> THE PROBLEM: Below are the entries; give again exactly the lines from the one mentioning "In this model, the" through the one mentioning "Paralympic medallist Teresa", inclusive.

> RECORDS FOR PROCESSING:
....

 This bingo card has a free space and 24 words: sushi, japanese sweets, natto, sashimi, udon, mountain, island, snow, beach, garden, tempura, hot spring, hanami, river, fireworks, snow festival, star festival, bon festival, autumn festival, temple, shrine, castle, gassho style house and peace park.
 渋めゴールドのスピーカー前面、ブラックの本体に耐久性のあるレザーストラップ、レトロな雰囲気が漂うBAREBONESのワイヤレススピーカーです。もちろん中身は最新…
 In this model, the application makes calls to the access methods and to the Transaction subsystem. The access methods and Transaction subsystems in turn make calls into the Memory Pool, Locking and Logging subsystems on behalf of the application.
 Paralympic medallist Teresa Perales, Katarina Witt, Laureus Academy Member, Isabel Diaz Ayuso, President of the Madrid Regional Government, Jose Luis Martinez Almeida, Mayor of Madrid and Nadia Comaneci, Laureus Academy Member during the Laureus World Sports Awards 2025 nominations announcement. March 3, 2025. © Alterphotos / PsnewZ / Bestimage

....

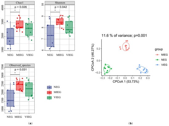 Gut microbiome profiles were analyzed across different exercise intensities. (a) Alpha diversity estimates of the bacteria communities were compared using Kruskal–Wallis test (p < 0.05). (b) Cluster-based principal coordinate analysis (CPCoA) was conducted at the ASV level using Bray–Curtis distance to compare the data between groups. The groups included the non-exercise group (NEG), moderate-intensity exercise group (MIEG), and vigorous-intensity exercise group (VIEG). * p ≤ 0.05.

....

> EXERCISE RESPONSE:
 In this model, the application makes calls to the access methods and to the Transaction subsystem. The access methods and Transaction subsystems in turn make calls into the Memory Pool, Locking and Logging subsystems on behalf of the application.
 Paralympic medallist Teresa Perales, Katarina Witt, Laureus Academy Member, Isabel Diaz Ayuso, President of the Madrid Regional Government, Jose Luis Martinez Almeida, Mayor of Madrid and Nadia Comaneci, Laureus Academy Member during the Laureus World Sports Awards 2025 nominations announcement. March 3, 2025. © Alterphotos / PsnewZ / Bestimage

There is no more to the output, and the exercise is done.